Replicate, a San Francisco, CA-based startup making it easier for software teams to build artificial intelligence applications, exited stealth mode and announced that it secured $17.8 million in funding.
The company raised the capital over two rounds $12.5 million of the total came from Series A funding. It earlier closed a $5.3 million seed round.
The Series A round was led by Andreessen Horowitz with participation from Y Combinator, Sequoia, and angel investors including Figma CEO Dylan Field and Vercel’s Guillermo Rauch.

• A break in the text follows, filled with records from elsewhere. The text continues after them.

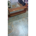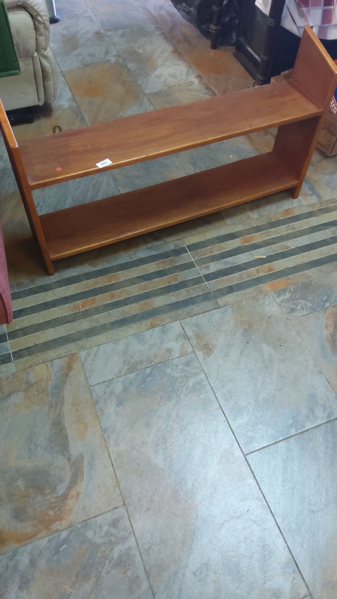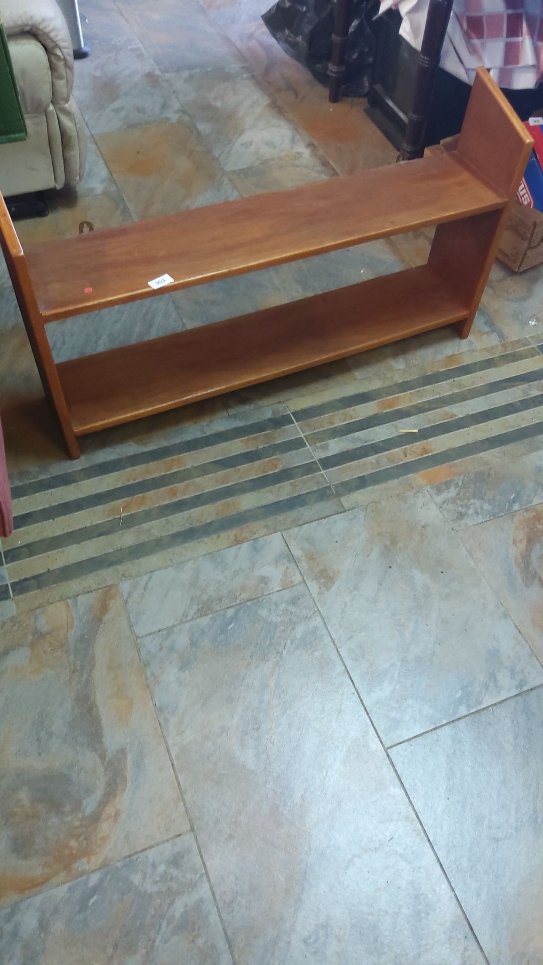 Wooden shelf unit, two-tier, minimalist design, from the mid-20th century with natural finish.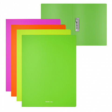 Папка с боковым зажимом пластиковая ErichKrause Matt Neon, A4, ассорти (в пакете по 4 шт.)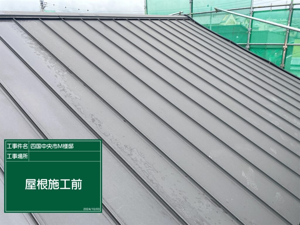 屋根(立平金属屋根)も、表面に汚れや付着物があり、塗装前の下地処理が重要な状態でした。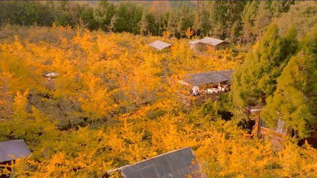 每到深秋,银杏村便铺展出一片金色海洋,百年古银杏洒落满地金黄,炊烟袅袅中宛如画卷。
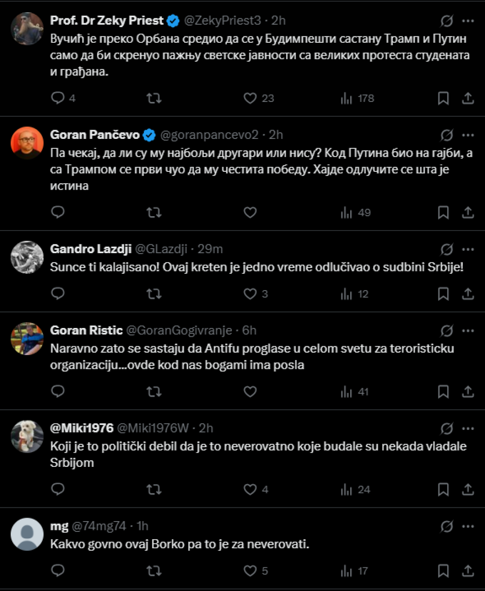To samo opozicija može tako, da lupi i da ostanu svi živi. Borko je izgovorio neverovatno glupost, da je sastanak dva najveća lidera sveta, u Budimpešti, da bi se podržao predsednik vučić. ne treba njemu podrška svetskih lidera, ima podršku svog naroda, to mu je sasvim dovoljno.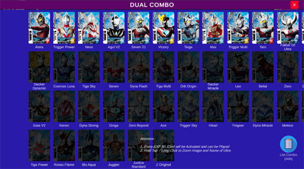 1、真实变身模拟:还原双重剑变身细节,包含特利迦与德凯两种模式切换,搭配卡牌操作复刻必杀技能,带来原汁原味的特摄体验。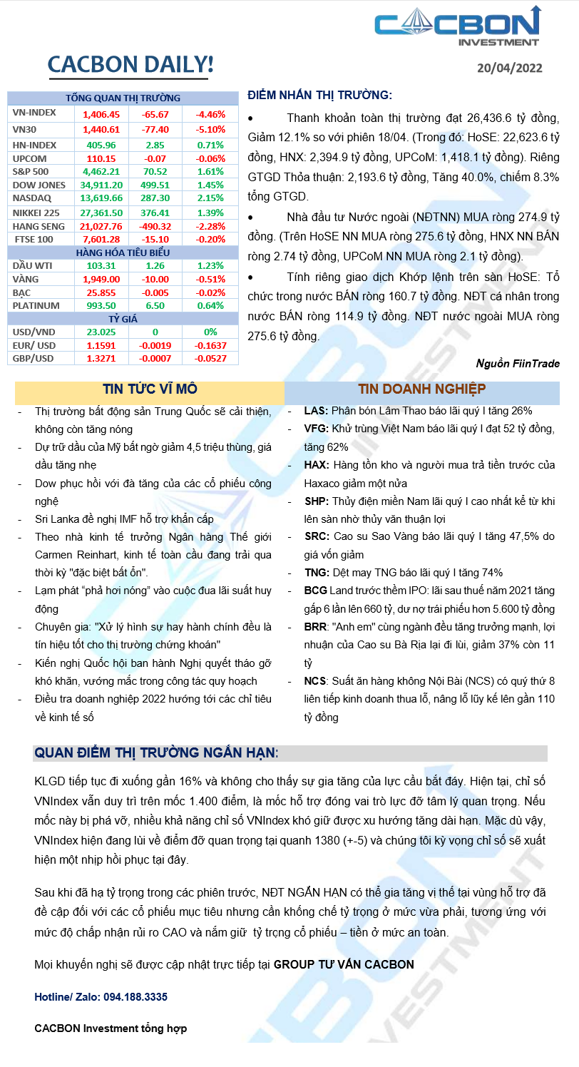 Nhật ký thị trường 20/04/2022 - Nhóm vốn hóa lớn Không thể giữ nhịp tăng cho VN-Index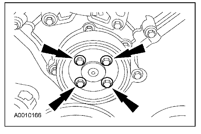 73. Position the coolant pump pulley on the coolant pump and install the 4 bolts.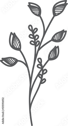 Obraz premium Gray sketched floral sprig, white background, design element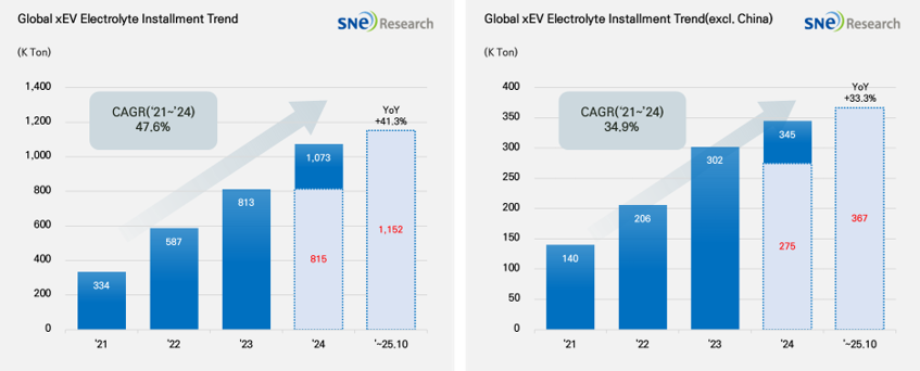2025년 1~10월 글로벌 전기차용 배터리 전해액 적재량 1,152K ton, 전년 동기 대비 41.3% 성장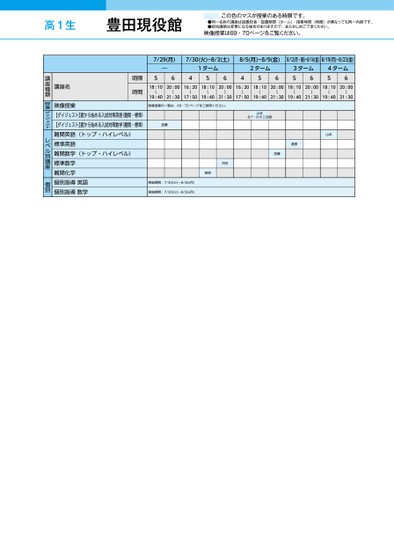 高1生豊田現役館この色のマスが授業のある時限です。●同一名称の講座は設置校舎・設置期間(ターム)・授業時間(時限)が異なっても同一内容です。●担当講師は変更になる場合がありますので、あらかじめご了承ください。映像授業は69・70ページをご覧ください。7/29(月)7/30(火)~8/3(土)8/5(月)~8/9(金)8/12(月・振)~8/16(金)8/19(月)~8/23(金)―1ターム2ターム564564563ターム564ターム5618:1020:0016:2018:1020:0016:2018:1020:0018:1020:0018:1020:0019:4021:3017:5019:4021:3017:5019:4021:3019:4021:3019:4021:30〜〜〜〜〜〜〜〜〜〜〜〜時限時間講座名講座種類教科映像授業【ダイジェスト】夏から始める入試対策英語(難関・標準)【ダイジェスト】夏から始める入試対策数学(難関・標準)難関英語(トップ・ハイレベル)標準英語難関数学(トップ・ハイレベル)標準数学難関化学個別指導英語個別指導数学映像授業の一覧は、69・70ページをご参照ください。山本8/7・8の2日間加藤山本渡部加藤河合若原実施期間:7/30(火)〜8/26(月)実施期間:7/30(火)〜8/26(月)映像ダイジェストセット総合レベル別講座個別●2024年度/夏期講習/中部/豊田/高1生/パターン12452024_56_4_449_31_20240328151844.csv/1ページ校了時削除

“AI is currently too hard to use for software engineers and you have to be a machine learning engineer to use it,” Ben Firshman, Founder & CEO of Replicate said. “Companies and the industry as a whole is being held back by the lack of machine learning experts. We’re making it possible for software engineers to use machine learning with zero experience, with just a few lines of code, so they can build products with AI and apply it to business problems.”
Replicate offers a platform that promises to reduce manual work for software teams. According to the startup, the platform enables developers to deploy AI models with a few lines of code.
Replicate has developed an open-source tool called Cog that eases the task. The tool, which is included in the company’s platform, enables users to configure containers with less customization than the task usually requires.
Cog can generate a Dockerfile, the files that define a container’s configuration, based on a limited number of instructions provided by software teams.
Company: Replicate, Inc.
Round: Seed Round, Series A
Funding Month: February 2023
Lead Investors: Andreessen Horowitz
Additional Investors: Y Combinator, Sequoia, Dylan Field, and Vercel’s Guillermo Rauch
Company Website: https://replicate.com/
Software Category: Machine Learning
About the Company: Replicate is a developer of a python library-based machine learning platform designed to provide a version control tool for machine learning. The company's platform automatically generates an API server for custom machine learning models and tracks the experiments and models with two lines of code including codes, hyperparameters, training data, weights, and metrics, enabling software developers to easily share and run machine learning models.